**Task description**
Omit all pictures. Copy exactly the lines from the line containing "レディース 半袖 ドット柄" to the end of the listing, with both ends included.

**Entries supplied**
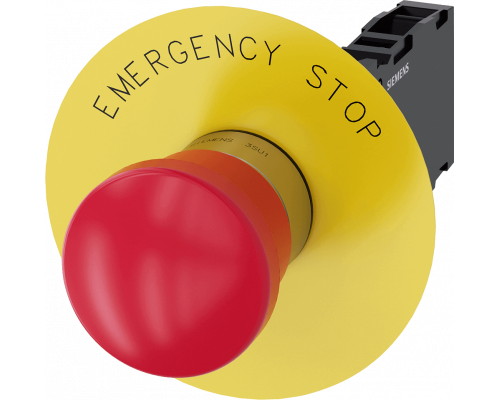 Кнопка имеет диаметр 22 мм и круглая форма. Корпус выполнен из металла с глянцевой отделкой и окрашен в красный цвет. Предусмотрена фиксация нажатого состояния и деблокировка путем вытягивания. В комплекте поставляется желтая подложка. На кнопке нанесена надпись 'emergency stop'. Кнопка имеет конструкцию с одним нормально открывающим (1NO) и одним нормально замкнутым (1NC) контактом. Подключение осуществляется посредством винтовых клемм. Предусмотрен держатель.
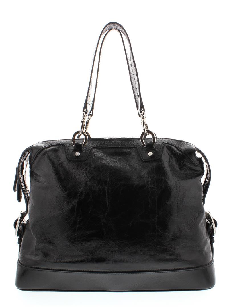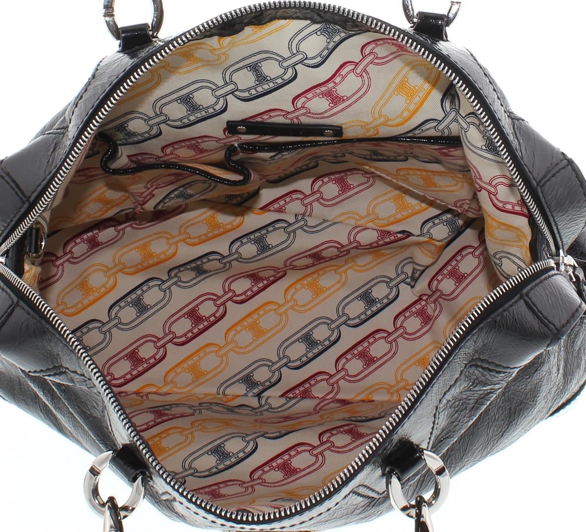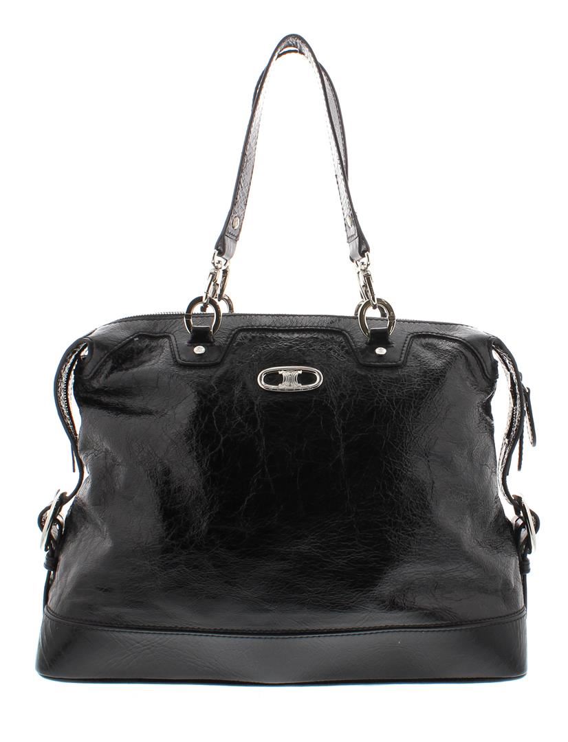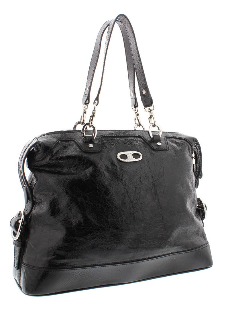 One Celine Black Distressed Patent Leather Shoulder Handbag. Item is sold AS-IS. Please check photos and descriptions for all available details. Crafted out of black distressed patent leather, silver-tone hardware, dual flat shoulder handles, and zip top closure, Inner multicolor Celine logo canvas lining and dual slip pockets.
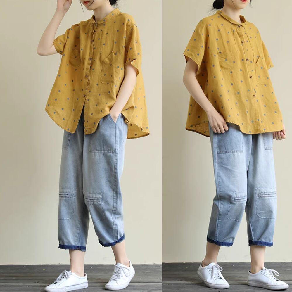 レディース 半袖 ドット柄 シャツ ブラウス S M L XL 2XL 3XL ホワイト レッド イエロー AS11144
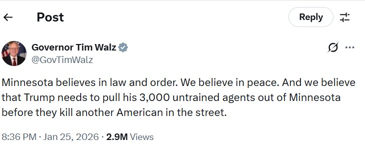 Governor Walz, in a post on X, defended Minnesota's stance, saying that the state believes in "law and order and peace," while accusing the Trump administration of deploying "untrained agents" in Minnesota. "Trump needs to pull his 3,000 untrained agents out of Minnesota before they kill another American in the street."
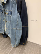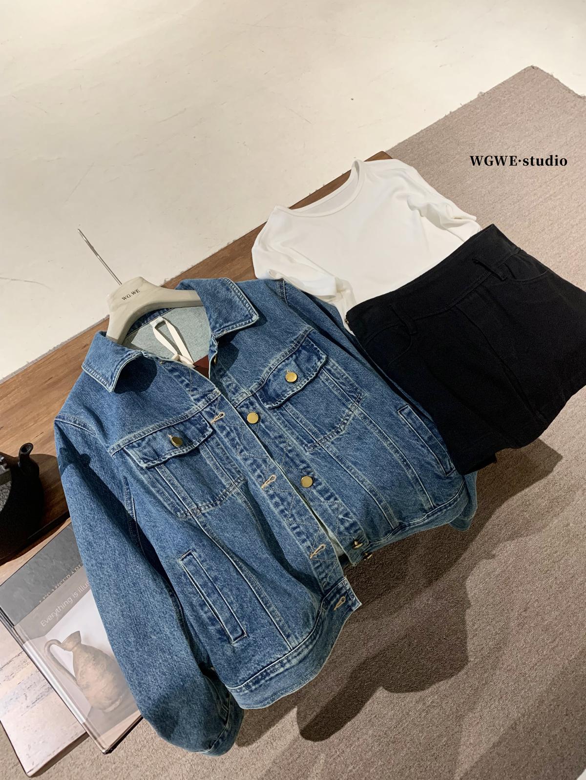 【C7469】復古休閒做舊設計感顯瘦牛仔外套

**Response to this task**
 レディース 半袖 ドット柄 シャツ ブラウス S M L XL 2XL 3XL ホワイト レッド イエロー AS11144
 Governor Walz, in a post on X, defended Minnesota's stance, saying that the state believes in "law and order and peace," while accusing the Trump administration of deploying "untrained agents" in Minnesota. "Trump needs to pull his 3,000 untrained agents out of Minnesota before they kill another American in the street."
 【C7469】復古休閒做舊設計感顯瘦牛仔外套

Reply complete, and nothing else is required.